The freedom parties’ vote has hardly grown. Senate, swings to the freedom parties, as illustrated below, were much lower than those to the greens and their allies – they were even lower than the 1.95 per cent swing achieved by Legalise Cannabis Australia!

 

Voter shares (per cent)

Increase in voter shares (per cent)

Freedom parties

11.32

0.57

Green parties

14.55

4.26

The fact that fewer than 12 per cent of people unambiguously voted against green mysticism suggests that, in terms of political tactics, the Coalition could have done worse than prosecute the campaign on a me-too climate change platform. But this is, in part, because for six years they failed to explain the importance of reliable energy to the economy both for supplying domestic power and for its share of the export revenues (half and growing). Nor did they make a dent in unwinding the institutional forces feeding the climate change agenda.

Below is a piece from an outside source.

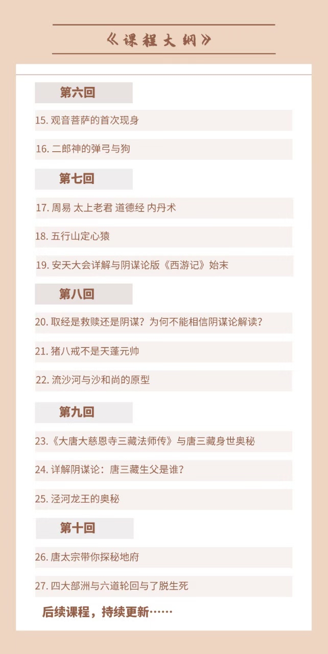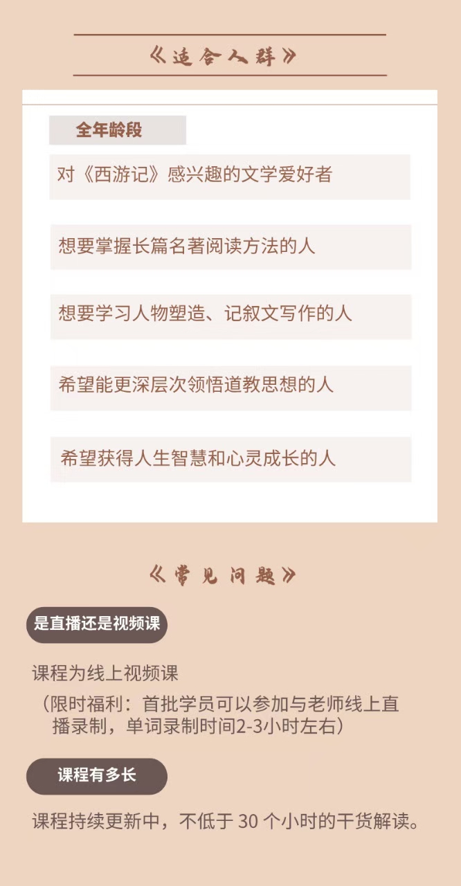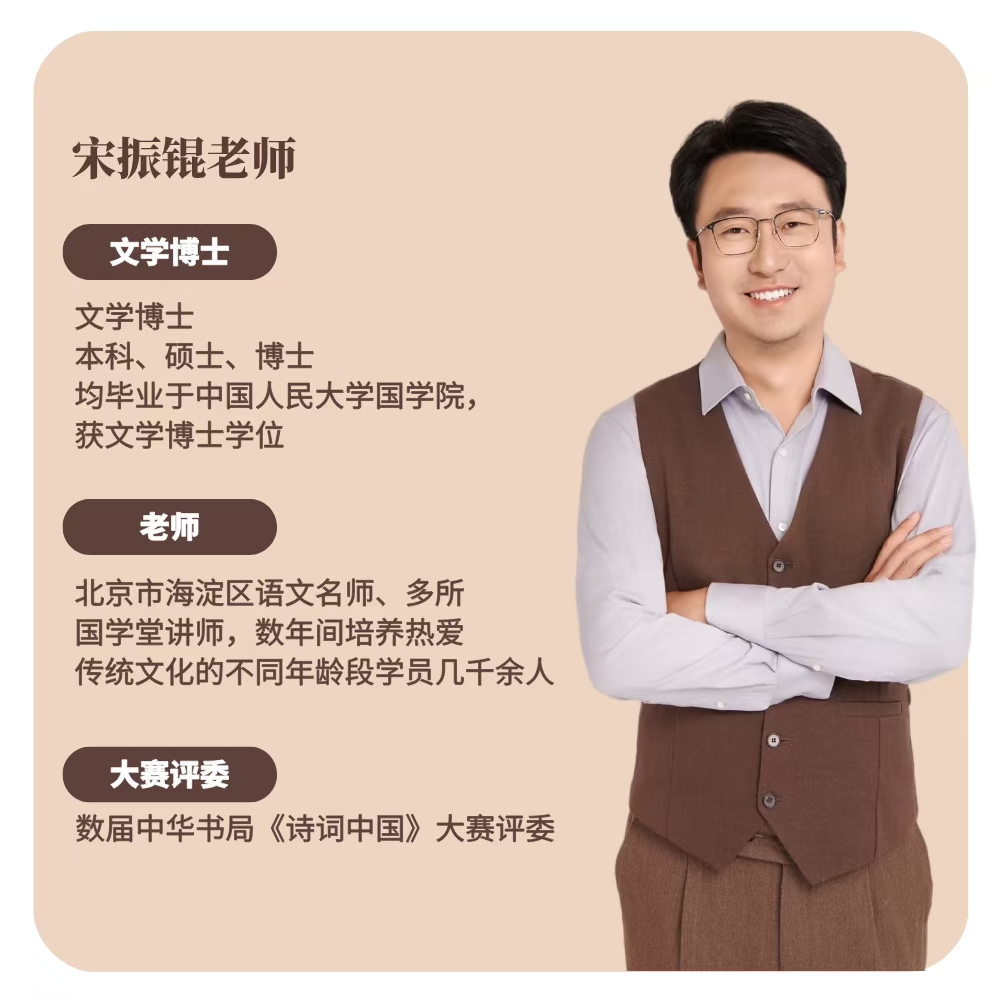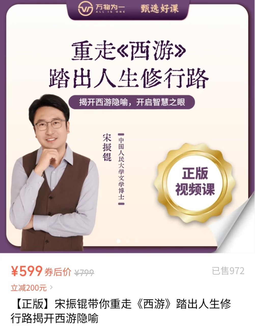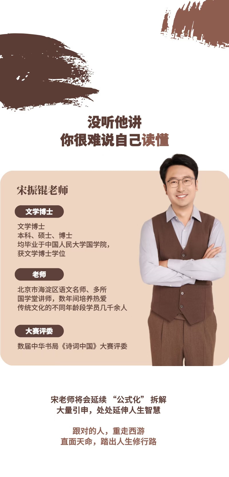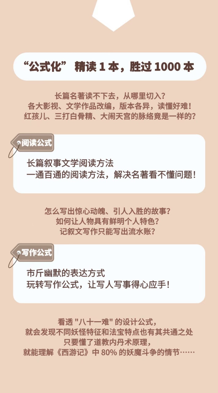 宋振锟博士带你重走《西游》踏出人生修行路,揭开西游隐喻,开启智慧之眼为什么一定要读《西游记》,《西游记》里人物形象深入人心,像极了现实的我们《西游记》借假修真,为我们修心指明方向写人容易,画神魔难,“八十一难”各有源头,是明朝世情的写实与折射、又蕴含儒释道思想内核又折射了普通人的内心世界:一切烦恼、困惑、欲望没听他讲,你很难说自己读懂,宋老师将会延续”公式化“拆解大量引申,处处延伸人生智慧跟对的人,重走西游直面天命,踏出人生修行路,“公式化”精读1本,胜过1000本一通百通的阅读方法,解决名著看不懂问题!怎么写出惊心动魄、引人入胜的故事?如何让人物具有鲜明个人特色?记叙文写作只能写出流水账?写作公式市斤幽默的表达方式玩转写作公式,让写人写事得心应手!只要懂了道教内丹术原理,就能理解《西游记》中80%的妖魔斗争的情节,八重维度讲解全面学透西游,道教金丹文化 ,王阳明“心”学文化,禅宗文化,儒家文化

The policies the electorate has endorsed are profoundly against the nation’s economic interests and must lead to an economic collapse. For a poor country, like Sri Lanka, going the Full Green Monty quickly unravelled the economy. Australia, though, has fabulous natural wealth and a desperate government may be able to avert disaster by cashing-in much of that, since, even after the excessive spending of the Turnbull/Morrison/Frydenberg era, debt remains at only 54 per cent of GDP, half that of many European countries, America, and Canada.

World recession and rising interest rates may however expedite an unravelling of the economy. In any event, we need political leadership which explains the operations of the economy with the hope that the people through a democratic process will recognise where their true interests lie.